_TASK DESCRIPTION:_
Repeat the listing below exactly from the line with "ഇതിനെതിരെ സിപിഎം നേതാവിനെ" through its last line. Skip every picture.

_DATASET EXTRACT:_

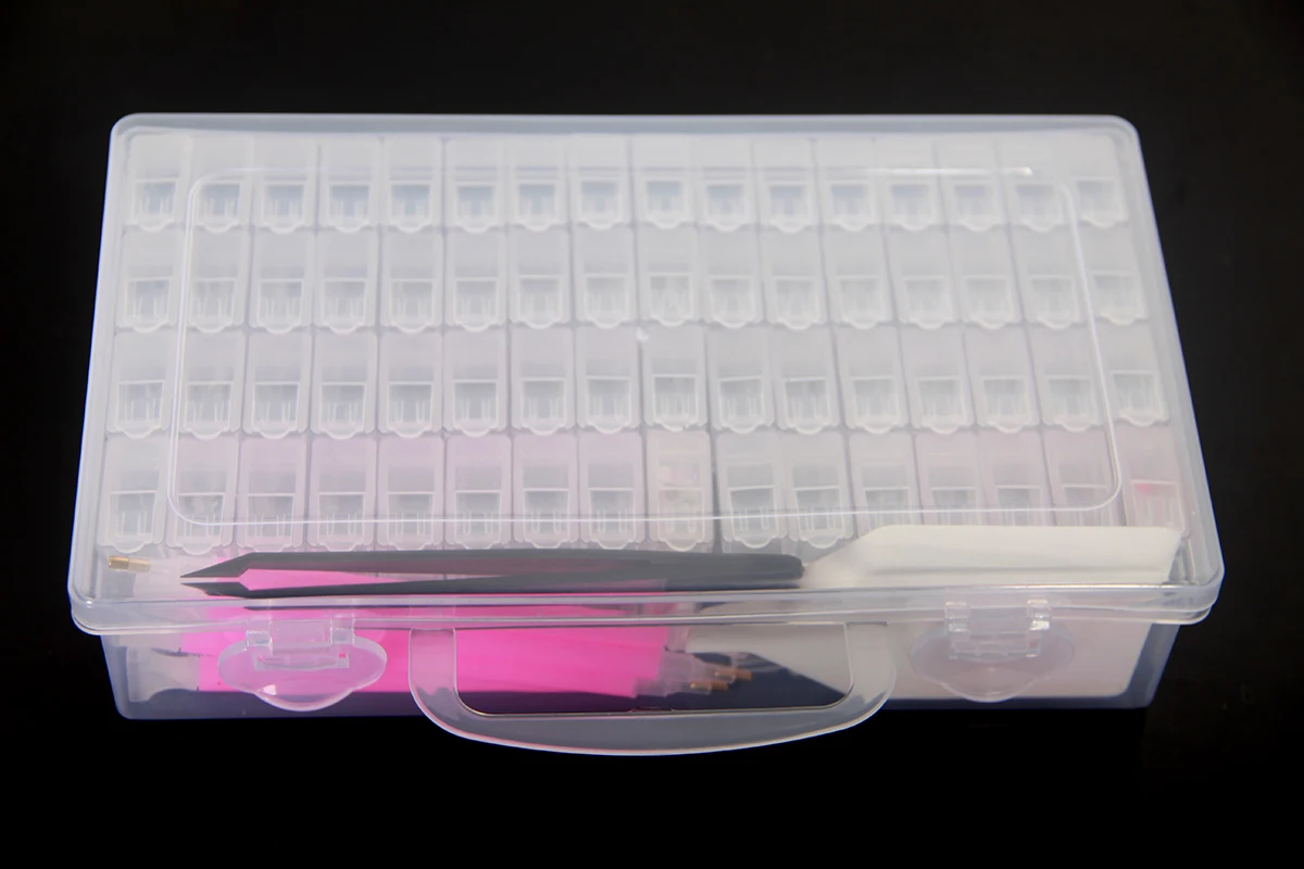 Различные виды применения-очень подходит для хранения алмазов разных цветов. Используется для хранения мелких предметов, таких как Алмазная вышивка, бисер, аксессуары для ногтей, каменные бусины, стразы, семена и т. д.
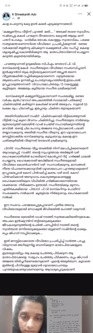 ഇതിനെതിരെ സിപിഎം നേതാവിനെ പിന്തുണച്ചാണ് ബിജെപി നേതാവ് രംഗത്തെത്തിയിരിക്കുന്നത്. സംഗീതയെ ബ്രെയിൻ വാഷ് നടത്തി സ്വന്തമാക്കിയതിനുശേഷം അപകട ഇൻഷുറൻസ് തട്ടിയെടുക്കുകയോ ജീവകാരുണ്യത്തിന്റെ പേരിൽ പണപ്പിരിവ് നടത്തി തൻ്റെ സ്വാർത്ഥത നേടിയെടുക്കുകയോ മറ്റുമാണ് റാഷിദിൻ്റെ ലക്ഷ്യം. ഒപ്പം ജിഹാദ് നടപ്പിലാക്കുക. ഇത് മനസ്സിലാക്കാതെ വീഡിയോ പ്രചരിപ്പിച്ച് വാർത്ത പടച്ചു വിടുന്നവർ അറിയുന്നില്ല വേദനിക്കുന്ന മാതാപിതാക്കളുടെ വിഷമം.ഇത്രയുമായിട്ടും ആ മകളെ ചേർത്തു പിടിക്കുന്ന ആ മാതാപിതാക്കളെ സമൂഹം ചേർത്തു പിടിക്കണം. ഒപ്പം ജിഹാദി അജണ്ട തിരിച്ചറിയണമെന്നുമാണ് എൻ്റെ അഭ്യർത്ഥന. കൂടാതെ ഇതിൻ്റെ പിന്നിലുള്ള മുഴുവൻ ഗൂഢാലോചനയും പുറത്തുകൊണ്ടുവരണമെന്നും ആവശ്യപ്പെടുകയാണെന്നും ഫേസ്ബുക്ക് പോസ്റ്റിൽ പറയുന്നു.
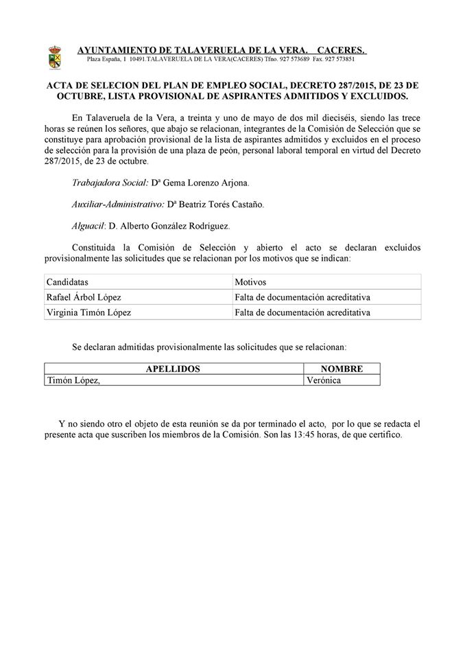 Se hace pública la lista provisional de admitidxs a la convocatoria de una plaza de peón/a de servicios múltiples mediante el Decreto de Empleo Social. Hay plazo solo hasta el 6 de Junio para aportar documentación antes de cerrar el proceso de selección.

_RESPONSE BELOW:_
 ഇതിനെതിരെ സിപിഎം നേതാവിനെ പിന്തുണച്ചാണ് ബിജെപി നേതാവ് രംഗത്തെത്തിയിരിക്കുന്നത്. സംഗീതയെ ബ്രെയിൻ വാഷ് നടത്തി സ്വന്തമാക്കിയതിനുശേഷം അപകട ഇൻഷുറൻസ് തട്ടിയെടുക്കുകയോ ജീവകാരുണ്യത്തിന്റെ പേരിൽ പണപ്പിരിവ് നടത്തി തൻ്റെ സ്വാർത്ഥത നേടിയെടുക്കുകയോ മറ്റുമാണ് റാഷിദിൻ്റെ ലക്ഷ്യം. ഒപ്പം ജിഹാദ് നടപ്പിലാക്കുക. ഇത് മനസ്സിലാക്കാതെ വീഡിയോ പ്രചരിപ്പിച്ച് വാർത്ത പടച്ചു വിടുന്നവർ അറിയുന്നില്ല വേദനിക്കുന്ന മാതാപിതാക്കളുടെ വിഷമം.ഇത്രയുമായിട്ടും ആ മകളെ ചേർത്തു പിടിക്കുന്ന ആ മാതാപിതാക്കളെ സമൂഹം ചേർത്തു പിടിക്കണം. ഒപ്പം ജിഹാദി അജണ്ട തിരിച്ചറിയണമെന്നുമാണ് എൻ്റെ അഭ്യർത്ഥന. കൂടാതെ ഇതിൻ്റെ പിന്നിലുള്ള മുഴുവൻ ഗൂഢാലോചനയും പുറത്തുകൊണ്ടുവരണമെന്നും ആവശ്യപ്പെടുകയാണെന്നും ഫേസ്ബുക്ക് പോസ്റ്റിൽ പറയുന്നു.
 Se hace pública la lista provisional de admitidxs a la convocatoria de una plaza de peón/a de servicios múltiples mediante el Decreto de Empleo Social. Hay plazo solo hasta el 6 de Junio para aportar documentación antes de cerrar el proceso de selección.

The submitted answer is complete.